What to do
Return, word for word, only the lines of the data below that lie between the line with "Sidefeel Women's High" and the line with "Nantucket - Fireplace", those two lines included.

Records for the exercise
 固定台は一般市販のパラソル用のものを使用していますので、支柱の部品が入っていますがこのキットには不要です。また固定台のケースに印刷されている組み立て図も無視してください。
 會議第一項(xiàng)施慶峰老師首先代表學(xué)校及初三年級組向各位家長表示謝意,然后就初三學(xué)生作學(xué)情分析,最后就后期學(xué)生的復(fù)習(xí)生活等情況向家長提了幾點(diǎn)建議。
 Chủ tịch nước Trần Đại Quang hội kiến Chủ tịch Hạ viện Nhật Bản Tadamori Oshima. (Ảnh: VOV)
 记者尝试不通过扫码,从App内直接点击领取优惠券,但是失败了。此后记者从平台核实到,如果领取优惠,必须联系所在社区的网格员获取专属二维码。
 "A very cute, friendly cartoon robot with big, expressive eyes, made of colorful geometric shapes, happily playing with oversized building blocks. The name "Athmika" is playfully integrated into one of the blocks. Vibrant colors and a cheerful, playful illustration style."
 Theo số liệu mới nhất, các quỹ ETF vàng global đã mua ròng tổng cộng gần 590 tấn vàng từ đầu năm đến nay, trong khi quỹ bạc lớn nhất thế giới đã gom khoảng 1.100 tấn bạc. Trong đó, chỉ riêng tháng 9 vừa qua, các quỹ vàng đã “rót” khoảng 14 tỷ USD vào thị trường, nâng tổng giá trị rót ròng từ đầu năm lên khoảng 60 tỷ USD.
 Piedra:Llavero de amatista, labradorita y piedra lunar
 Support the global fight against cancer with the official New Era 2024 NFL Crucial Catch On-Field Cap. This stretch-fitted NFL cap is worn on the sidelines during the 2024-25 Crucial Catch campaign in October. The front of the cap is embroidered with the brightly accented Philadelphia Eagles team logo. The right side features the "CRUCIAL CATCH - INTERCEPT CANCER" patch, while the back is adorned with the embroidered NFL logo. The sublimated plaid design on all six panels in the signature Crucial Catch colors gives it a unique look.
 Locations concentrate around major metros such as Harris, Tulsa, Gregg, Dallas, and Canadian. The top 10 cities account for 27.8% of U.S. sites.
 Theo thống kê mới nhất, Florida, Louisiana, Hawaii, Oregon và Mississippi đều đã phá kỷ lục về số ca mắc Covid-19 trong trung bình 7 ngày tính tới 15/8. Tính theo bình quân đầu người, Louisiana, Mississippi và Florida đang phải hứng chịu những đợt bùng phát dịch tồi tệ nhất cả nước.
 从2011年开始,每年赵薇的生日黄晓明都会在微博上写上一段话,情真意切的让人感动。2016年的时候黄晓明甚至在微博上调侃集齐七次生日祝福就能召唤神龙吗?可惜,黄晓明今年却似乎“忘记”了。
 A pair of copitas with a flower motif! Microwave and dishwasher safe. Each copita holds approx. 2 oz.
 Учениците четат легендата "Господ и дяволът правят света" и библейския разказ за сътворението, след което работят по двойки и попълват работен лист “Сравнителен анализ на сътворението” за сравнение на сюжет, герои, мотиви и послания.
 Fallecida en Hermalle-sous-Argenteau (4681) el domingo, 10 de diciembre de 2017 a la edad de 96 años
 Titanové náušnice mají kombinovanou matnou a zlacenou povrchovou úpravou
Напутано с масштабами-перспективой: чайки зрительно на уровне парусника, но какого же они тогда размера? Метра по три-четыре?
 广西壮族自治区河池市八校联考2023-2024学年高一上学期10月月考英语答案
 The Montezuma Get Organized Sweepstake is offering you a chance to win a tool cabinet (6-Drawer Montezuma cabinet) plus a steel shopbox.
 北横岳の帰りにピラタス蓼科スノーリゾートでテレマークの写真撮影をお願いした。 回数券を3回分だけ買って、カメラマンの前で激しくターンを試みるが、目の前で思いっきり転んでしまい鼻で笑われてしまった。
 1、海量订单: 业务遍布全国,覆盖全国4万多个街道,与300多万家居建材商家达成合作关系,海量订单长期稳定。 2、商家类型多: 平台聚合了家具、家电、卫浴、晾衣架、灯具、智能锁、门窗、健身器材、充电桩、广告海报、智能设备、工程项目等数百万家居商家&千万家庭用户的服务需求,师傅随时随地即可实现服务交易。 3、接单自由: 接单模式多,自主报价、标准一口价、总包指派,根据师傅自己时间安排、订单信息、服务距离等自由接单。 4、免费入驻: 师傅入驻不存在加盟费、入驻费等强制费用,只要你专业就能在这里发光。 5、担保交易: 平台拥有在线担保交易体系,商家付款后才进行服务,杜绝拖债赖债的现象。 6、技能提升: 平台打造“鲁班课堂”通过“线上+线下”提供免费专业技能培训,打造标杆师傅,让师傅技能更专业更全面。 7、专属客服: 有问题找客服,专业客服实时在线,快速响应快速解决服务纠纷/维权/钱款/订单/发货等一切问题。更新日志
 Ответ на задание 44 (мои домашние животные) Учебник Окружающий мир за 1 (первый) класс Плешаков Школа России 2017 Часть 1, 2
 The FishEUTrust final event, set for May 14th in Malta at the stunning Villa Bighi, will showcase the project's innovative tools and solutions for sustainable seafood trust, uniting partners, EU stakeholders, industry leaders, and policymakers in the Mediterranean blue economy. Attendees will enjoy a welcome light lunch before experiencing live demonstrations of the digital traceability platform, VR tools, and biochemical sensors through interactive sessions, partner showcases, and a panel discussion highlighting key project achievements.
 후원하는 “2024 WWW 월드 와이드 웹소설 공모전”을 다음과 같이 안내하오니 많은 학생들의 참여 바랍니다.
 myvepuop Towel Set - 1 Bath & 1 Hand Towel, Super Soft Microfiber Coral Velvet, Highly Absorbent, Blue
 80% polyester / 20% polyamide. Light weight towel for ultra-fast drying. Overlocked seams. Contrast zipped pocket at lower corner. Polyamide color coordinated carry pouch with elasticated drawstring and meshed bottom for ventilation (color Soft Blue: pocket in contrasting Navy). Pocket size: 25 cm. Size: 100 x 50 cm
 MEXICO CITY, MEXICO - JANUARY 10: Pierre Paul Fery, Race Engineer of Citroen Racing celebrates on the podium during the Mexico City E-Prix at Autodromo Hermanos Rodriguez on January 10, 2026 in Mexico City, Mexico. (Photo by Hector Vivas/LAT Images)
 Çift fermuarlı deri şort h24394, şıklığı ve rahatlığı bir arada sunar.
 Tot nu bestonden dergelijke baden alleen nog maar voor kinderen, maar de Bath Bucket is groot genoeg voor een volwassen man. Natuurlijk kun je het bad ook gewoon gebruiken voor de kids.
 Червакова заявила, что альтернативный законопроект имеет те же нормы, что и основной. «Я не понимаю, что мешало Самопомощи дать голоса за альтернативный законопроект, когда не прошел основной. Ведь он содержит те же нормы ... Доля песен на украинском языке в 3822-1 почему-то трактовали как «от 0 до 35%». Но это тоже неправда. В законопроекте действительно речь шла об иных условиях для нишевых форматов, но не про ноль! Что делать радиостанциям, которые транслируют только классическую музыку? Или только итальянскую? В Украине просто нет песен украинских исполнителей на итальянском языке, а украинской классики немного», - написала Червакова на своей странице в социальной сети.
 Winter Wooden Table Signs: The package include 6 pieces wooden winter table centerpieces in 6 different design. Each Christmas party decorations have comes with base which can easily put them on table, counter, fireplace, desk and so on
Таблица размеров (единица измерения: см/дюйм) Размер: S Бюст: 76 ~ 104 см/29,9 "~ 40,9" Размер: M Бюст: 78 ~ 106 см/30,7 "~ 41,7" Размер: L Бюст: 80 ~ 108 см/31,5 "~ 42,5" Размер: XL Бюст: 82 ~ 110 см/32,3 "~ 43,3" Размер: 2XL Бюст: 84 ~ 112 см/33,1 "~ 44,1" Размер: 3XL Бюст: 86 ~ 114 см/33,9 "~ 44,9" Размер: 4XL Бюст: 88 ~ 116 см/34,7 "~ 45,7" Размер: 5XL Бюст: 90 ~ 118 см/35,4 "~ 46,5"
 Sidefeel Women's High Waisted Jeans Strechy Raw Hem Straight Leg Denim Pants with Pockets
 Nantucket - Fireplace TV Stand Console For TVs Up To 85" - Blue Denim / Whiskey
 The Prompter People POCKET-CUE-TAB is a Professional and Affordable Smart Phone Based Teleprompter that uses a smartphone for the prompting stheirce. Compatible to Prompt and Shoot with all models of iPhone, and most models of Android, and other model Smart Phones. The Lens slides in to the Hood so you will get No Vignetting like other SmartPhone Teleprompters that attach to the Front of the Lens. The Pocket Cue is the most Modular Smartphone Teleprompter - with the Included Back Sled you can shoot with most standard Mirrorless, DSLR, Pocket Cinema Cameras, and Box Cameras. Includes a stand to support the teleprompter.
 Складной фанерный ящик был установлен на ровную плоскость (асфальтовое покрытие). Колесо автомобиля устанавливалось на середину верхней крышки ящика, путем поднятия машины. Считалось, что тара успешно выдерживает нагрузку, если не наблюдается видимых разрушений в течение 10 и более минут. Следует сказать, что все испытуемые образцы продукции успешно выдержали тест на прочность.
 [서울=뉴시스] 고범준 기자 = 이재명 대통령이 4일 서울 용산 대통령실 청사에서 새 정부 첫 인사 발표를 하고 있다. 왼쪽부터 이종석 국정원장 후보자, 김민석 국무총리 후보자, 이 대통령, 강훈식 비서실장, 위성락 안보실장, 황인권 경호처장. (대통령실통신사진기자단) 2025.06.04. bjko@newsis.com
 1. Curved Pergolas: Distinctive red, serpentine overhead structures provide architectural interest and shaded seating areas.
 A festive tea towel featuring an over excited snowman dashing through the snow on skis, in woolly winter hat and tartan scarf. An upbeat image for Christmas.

Output for this task
 Sidefeel Women's High Waisted Jeans Strechy Raw Hem Straight Leg Denim Pants with Pockets
 Nantucket - Fireplace TV Stand Console For TVs Up To 85" - Blue Denim / Whiskey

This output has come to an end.